══ Supplied data

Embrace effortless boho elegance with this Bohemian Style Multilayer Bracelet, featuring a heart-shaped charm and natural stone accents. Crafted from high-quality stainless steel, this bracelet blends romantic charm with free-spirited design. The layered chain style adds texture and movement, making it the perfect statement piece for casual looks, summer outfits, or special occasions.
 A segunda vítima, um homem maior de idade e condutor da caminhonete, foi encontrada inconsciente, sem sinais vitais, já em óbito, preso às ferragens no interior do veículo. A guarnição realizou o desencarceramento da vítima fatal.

════
══ Supplied data

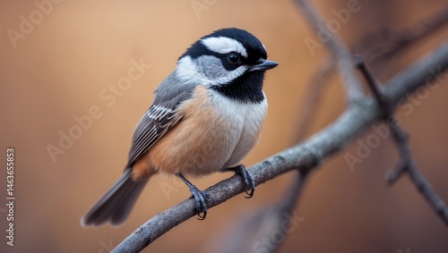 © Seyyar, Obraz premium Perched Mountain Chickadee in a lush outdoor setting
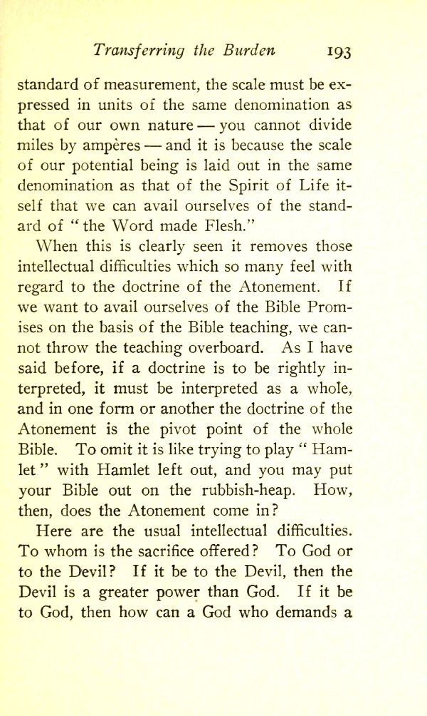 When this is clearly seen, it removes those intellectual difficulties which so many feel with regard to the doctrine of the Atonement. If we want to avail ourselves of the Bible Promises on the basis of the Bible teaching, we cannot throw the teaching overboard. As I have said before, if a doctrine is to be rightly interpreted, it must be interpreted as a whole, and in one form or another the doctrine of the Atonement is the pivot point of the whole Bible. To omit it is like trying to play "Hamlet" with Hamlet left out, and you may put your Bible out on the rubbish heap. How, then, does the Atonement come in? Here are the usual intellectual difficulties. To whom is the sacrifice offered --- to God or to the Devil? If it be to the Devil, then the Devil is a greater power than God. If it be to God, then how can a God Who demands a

════

▶ Problem to work on: Please copy, exactly and with nothing else, the lines above beginning at the line that has "Embrace effortless boho" and ending with the line that has "A segunda vítima, um".

▶ Reply to the task:
Embrace effortless boho elegance with this Bohemian Style Multilayer Bracelet, featuring a heart-shaped charm and natural stone accents. Crafted from high-quality stainless steel, this bracelet blends romantic charm with free-spirited design. The layered chain style adds texture and movement, making it the perfect statement piece for casual looks, summer outfits, or special occasions.
 A segunda vítima, um homem maior de idade e condutor da caminhonete, foi encontrada inconsciente, sem sinais vitais, já em óbito, preso às ferragens no interior do veículo. A guarnição realizou o desencarceramento da vítima fatal.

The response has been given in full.